How to hoax a hacker?

0
113

• The ‘honeypot passwords’ that could keep your online account safe

Researchers say it is the first of a new breed of encyrption tools designed to trick hackers.

‘Decoys and deception are really underexploited tools in fundamental computer security,’ Ari Juels, an independent researcher who was previously chief scientist at computer security company RSA, told MIT Technology Review.

Together with Thomas Ristenpart of the University of Wisconsin, he has developed a new encryption system with a trick up its sleeve.
It gives encrypted data an additional layer of protection by serving up fake data in response to every incorrect guess of the password or encryption key.

If the attacker does eventually guess correctly, the real data should be lost amongst the crowd of spoof data, the researchers say.

“Honeywords are a defense against stolen password files,’ they wrote.

‘Specifically, they are bogus passwords placed in the password file of an authentication server to deceive attackers.

‘Honeywords resemble ordinary, user-selected passwords.
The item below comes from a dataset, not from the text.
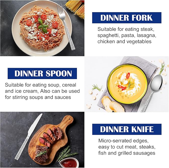 - ELEGANT APPEARANCE: Stylish hammered design on the front side of each square handles; Mirror polishing makes the silverware more shiny; Fashionable and elegant appearance can be paired with different styles of dining tables to create an elegant and luxurious dining atmosphere to improve your dining experience of your family and dinner guest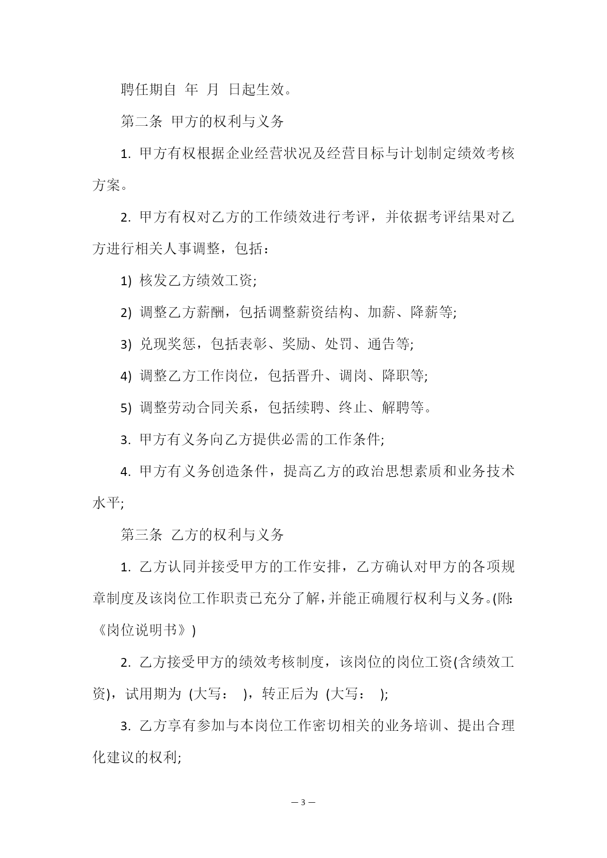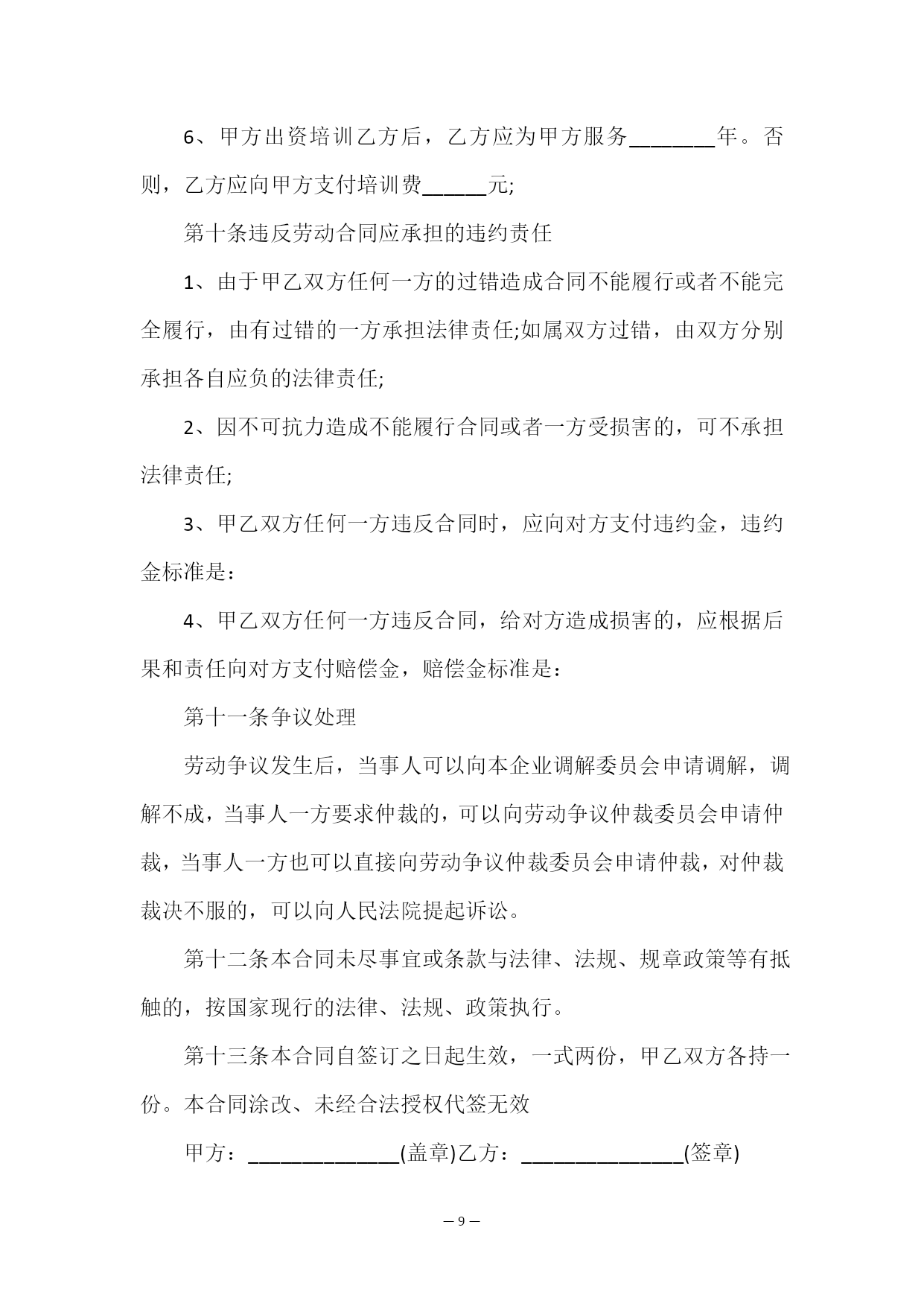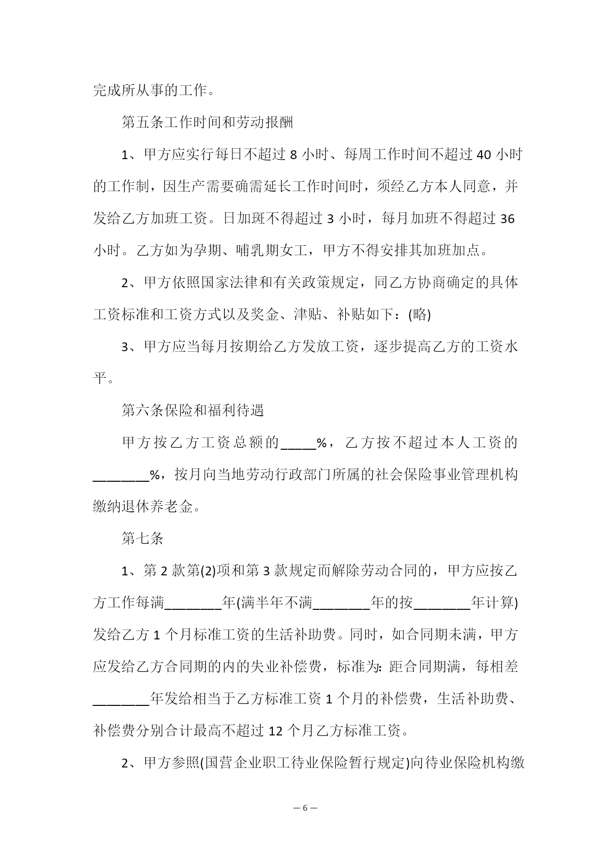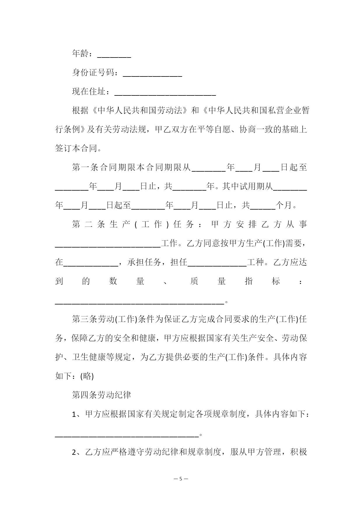 —PAGE\*MERGEFORMAT16—劳动合同法司法解释5篇在这种合同中,除双方当事人的意思表示一致之外,还必须有一方实际交付标的物的行为,才能产生法律效果。怎样写劳动合同书细则?下面我给大家带来劳动合同书细则5篇,仅供参考,希望大家喜欢!劳动合同书细则篇1甲方:乙方:根据《中华人民共和国劳动法》、《中华人民共和国劳动合同法》及其他有关法律法规规定,甲乙双方本着平等自愿、协商一致、合法公平、诚实信用的原则,订立本合同,并承诺共同遵守:一、合同期限自年月日起至年月日止,共__个月。二、工作内容和工作地点乙方从事岗位工作,乙方的工作地点。根据甲方工作需要,经双方协商同意,可以变更工作地点。乙方应按照甲方的要求,按时完成规定的工作数量,达到规定的质量标准,否则将追究责任人的责任。三、工作时间实行不定时工作制,工作时间甲乙双方协商安排。四、劳动报酬及支付时间乙方的工资按月发放,工资是__元。甲方每月__日左右发放上月工资。五、劳动保护、劳动条件和职业危害防护甲方根据生产岗位的需求,按照国家有关劳动安全、卫生的规定为乙方配备必要地安全防护措施,发放必要地劳动保护用品。甲方根据国家有关法律法规,建立安全生产制度;乙方应严格遵守甲方的劳动安全制度,严禁违章作业,防止劳动过程中的事故,减少职业危害。六、其他甲乙双方约定的其他事项:十二、本劳动合同一式二份,甲乙双方各执一份。自甲乙双方签字或盖章之日起生效。甲方:乙方:日期:劳动合同书细则篇2甲方:乙方:为充分调动和发挥员工的工作积极性、主动性、创造性。确保岗位工作任务和各项业绩指标的达成,根据甲乙双方自愿的原则,特签订本协议。第一条甲方聘任乙方从事部岗位的工作。聘任期自年月日起生效。第二条甲方的权利与义务1.甲方有权根据企业经营状况及经营目标与计划制定绩效考核方案。2.甲方有权对乙方的工作绩效进行考评,并依据考评结果对乙方进行相关人事调整,包括:1)核发乙方绩效工资;2)调整乙方薪酬,包括调整薪资结构、加薪、降薪等;3)兑现奖惩,包括表彰、奖励、处罚、通告等;4)调整乙方工作岗位,包括晋升、调岗、降职等;5)调整劳动合同关系,包括续聘、终止、解聘等。3.甲方有义务向乙方提供必需的工作条件;4.甲方有义务创造条件,提高乙方的政治思想素质和业务技术水平;第三条乙方的权利与义务1.乙方认同并接受甲方的工作安排,乙方确认对甲方的各项规章制度及该岗位工作职责已充分了解,并能正确履行权利与义务。(附:《岗位说明书》)2.乙方接受甲方的绩效考核制度,该岗位的岗位工资(含绩效工资),试用期为(大写:),转正后为(大写:);3.乙方享有参加与本岗位工作密切相关的业务培训、提出合理化建议的权利;4.乙方有义务服从甲方的经营组织管理,遵守公司规定和劳动纪律,员工手则,尽职尽责,努力完成工作任务;5.乙方有义务保守甲方商业秘密、恪守职业道德;6.乙方有义务自觉提高工作技能,提升专业技术水平,参与甲方的各项工作培训;第四条当乙方工作岗位调整时,本协议自动失效。第五条本协议为甲乙双方劳动聘用合同的附件,本协议的修订、变更即视同为劳动聘用合同的修订、变更。本协议中的条款如与劳动聘用合同有悖,均以劳动聘用合同的约定为准,且本协议条款的失效、无效均不影响甲乙双方劳动聘用合同的效力。甲方(盖章):__________________乙方:_________________________代表人(签字):________________身份证号码:_____________________________年________月_______日_________年________月_______日劳动合同书细则篇3甲方(用人单位)名称:___________地址:________________法定代表人(主要负责人):___________________乙方(劳动者)姓名:________性别:________年龄:________身份证号码:______________现在住址:________________________根据《中华人民共和国劳动法》和《中华人民共和国私营企业暂行条例》及有关劳动法规,甲乙双方在平等自愿、协商一致的基础上签订本合同。第一条合同期限本合同期限从________年____月____日起至________年____月____日止,共________年。其中试用期从________年____月____日起至________年____月____日止,共______个月。第二条生产(工作)任务:甲方安排乙方从事_______________________

It’s hard therefore for an attacker that steals a honeyword-laced password file to distinguish between honeywords and true user passwords.
The new approach could be valuable given how frequently large encrypted password files appear to fall into the hands of criminals.

Almost 150 million usernames and passwords were taken from Adobe servers in October 2013, for example, and Target was among those worst hit by a more recent breach.

Currently hackers use software to guess thousands of passwords.
Current systems just produce junk code when an attempt is in correct.

The new system however, simply generates a piece of fake data resembling the true data.

If an attacker used software to make 10,000 attempts to decrypt a credit card number, for example, they would get back 10,000 different fake credit card numbers, the team says.